TASK OBJECTIVE :: Leave every picture out, then reproduce the rest of the listing exactly.

STORED DATA ::

——

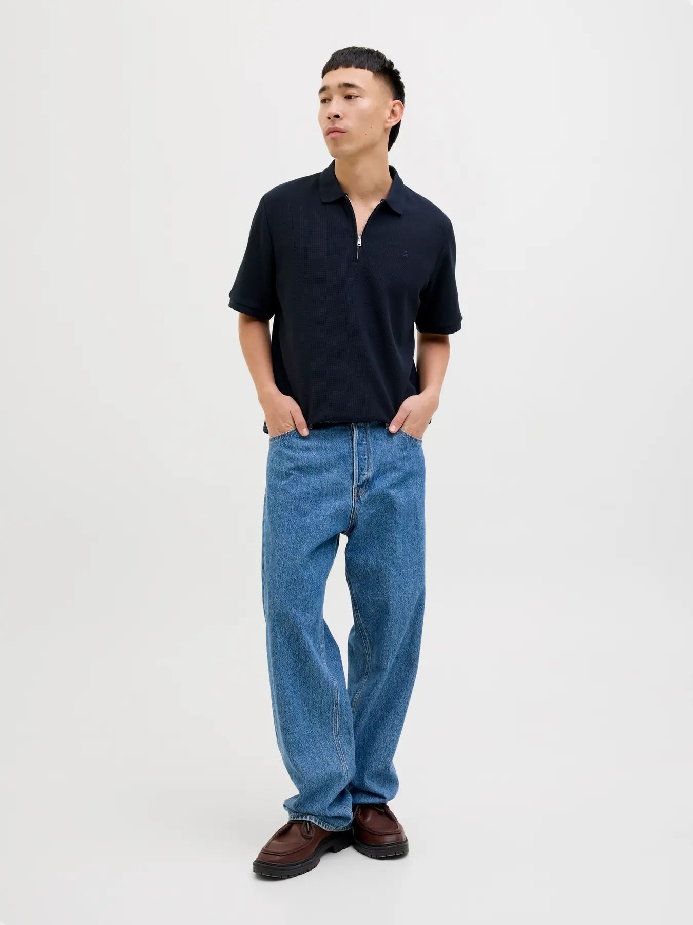 Classic men's polo shirt in waffle textured cotton knit.
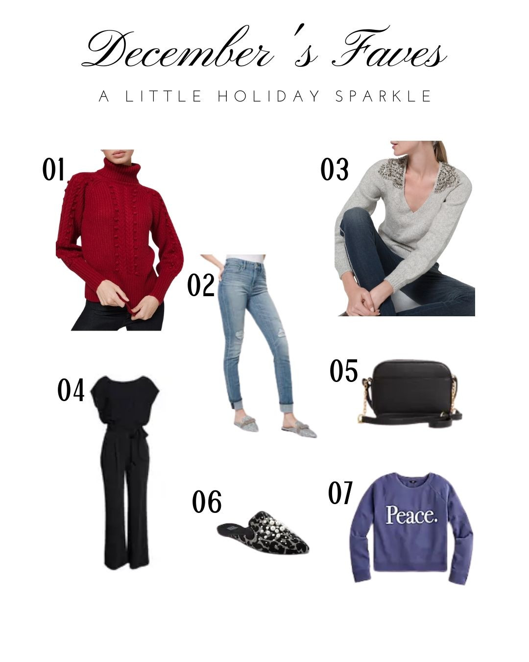 1 Red Turtleneck Sweater 2 Distressed Denim 3 Embellished V-neck Sweater 4 Cap Sleeve Jumpsuit 5 Tory Burch Camera Bag 6 Embellished Leopard Mule 7 Peace Crew Neck Sweatshirt
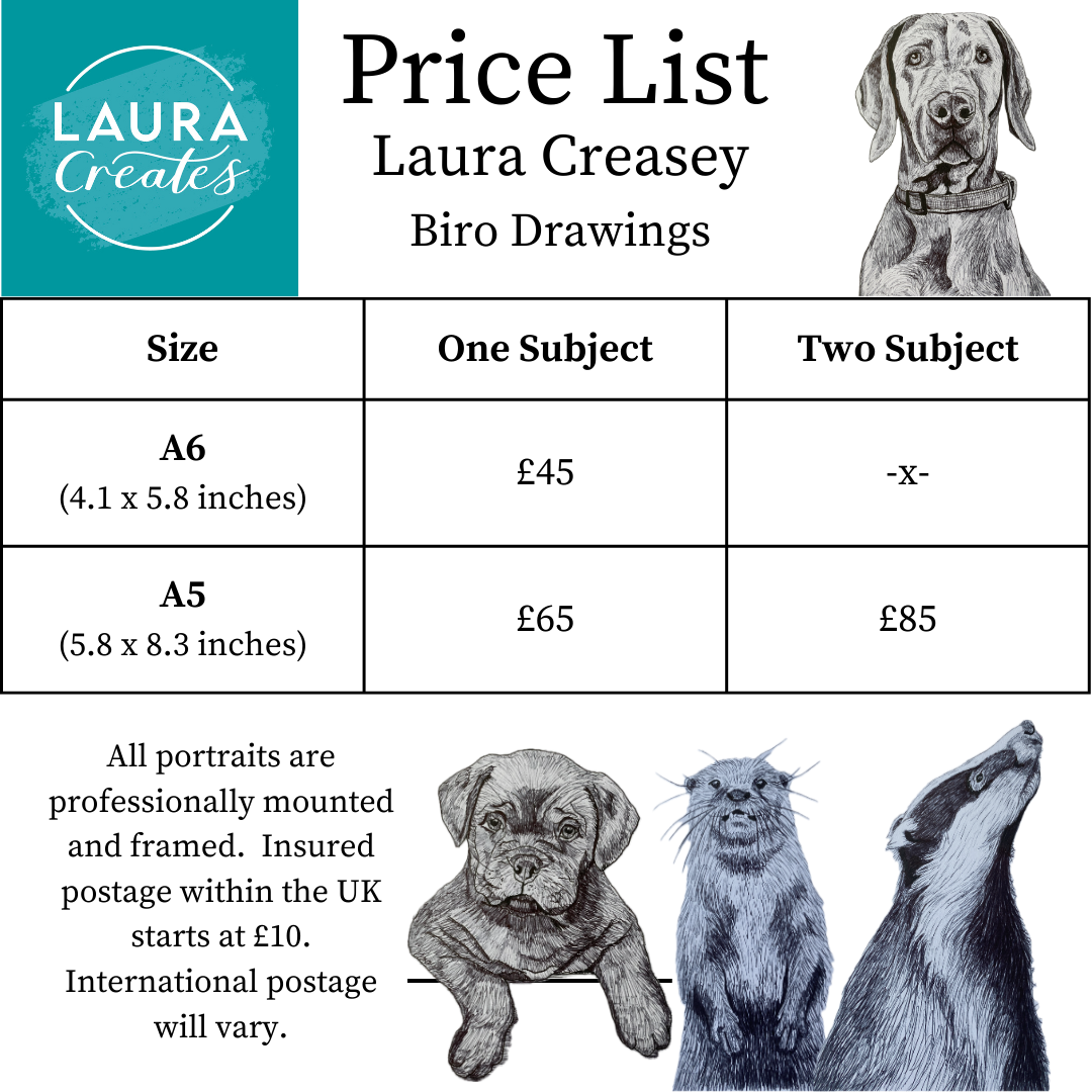 Mounting and Framing: All my commissions come mounted in a white mount and framed as standard. I usually used wooden style frames but if you would like an alternative colour we will be able to discuss this prior to booking your portrait.

——

RESPONSE TO THE TASK ::
 Classic men's polo shirt in waffle textured cotton knit.
 1 Red Turtleneck Sweater 2 Distressed Denim 3 Embellished V-neck Sweater 4 Cap Sleeve Jumpsuit 5 Tory Burch Camera Bag 6 Embellished Leopard Mule 7 Peace Crew Neck Sweatshirt
 Mounting and Framing: All my commissions come mounted in a white mount and framed as standard. I usually used wooden style frames but if you would like an alternative colour we will be able to discuss this prior to booking your portrait.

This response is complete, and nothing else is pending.